American mathematician

Aaron C. Pixton (born January 13, 1986) is an American mathematician at the University of Michigan. He works in enumerative geometry, and is also known for his chess playing, where he is a FIDE Master.

==Early life and education==
Pixton was born in Binghamton, New York; his father, Dennis Pixton, is a retired professor of mathematics at Binghamton University. He grew up in Vestal, New York. While a student at Vestal Senior High School, he scored a perfect score on the American Mathematics Competition three times from 2002 to 2004. He went on to the International Mathematical Olympiad in 2003 and 2004 to win consecutive gold medals.

He received a Bachelor of Arts in 2008 and a Doctor of Philosophy in 2013, both from Princeton University.

While an undergraduate at Princeton University, Pixton was a three-time Putnam Fellow. For his research conducted as an undergraduate, he was awarded the 2009 Morgan Prize. In 2008, he received a Churchill Scholarship to the University of Cambridge. Pixton received his Ph.D. in 2013 from Princeton under the supervision of Rahul Pandharipande; his dissertation was The tautological ring of the moduli space of curves.

==Career==
Pixton was appointed as a Clay Research Fellow for a term of five years beginning in 2013. After two years as a postdoctoral researcher at Harvard University, he became an assistant professor of mathematics at the Massachusetts Institute of Technology in 2015. In 2017, he received a Sloan Research Fellowship. In 2020, he moved to the University of Michigan as an assistant professor.

==Chess==
Pixton is also a former child prodigy in chess.

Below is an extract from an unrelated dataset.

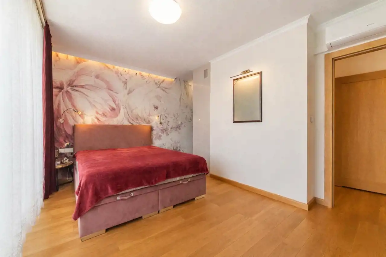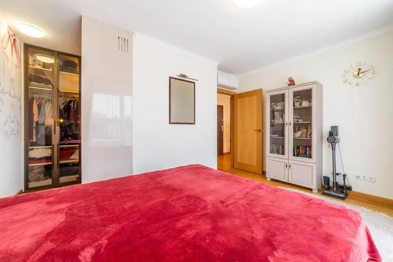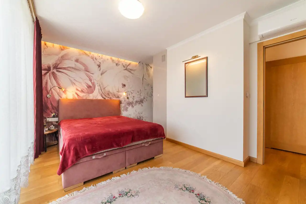 - Sypialnia z podwójnym łóżkiem i garderobą.

He was the 2001 U.S. Cadet Champion and the 2002 US Junior Chess Champion, and had a win against the former US Champion Joel Benjamin in 2003.

==Selected publications==
- Pandharipande, Rahul. "Relations on $\overline{\mathcal{M}}_{g,n}$ via 3-spin structures| journal=Journal of the American Mathematical Society |
volume=28|year=2015|issue=1|pages=279–309|doi=10.1090/S0894-0347-2014-00808-0|doi-access=free"
- Janda, Felix (2017). "Double ramification cycles on the moduli spaces of curves"
- Pandharipande, Rahul (2017). "Gromov–Witten/Pairs correspondence for the quintic 3-fold"
- Oberdieck, Georg (2018). "Holomorphic anomaly equations and the Igusa cusp form conjecture"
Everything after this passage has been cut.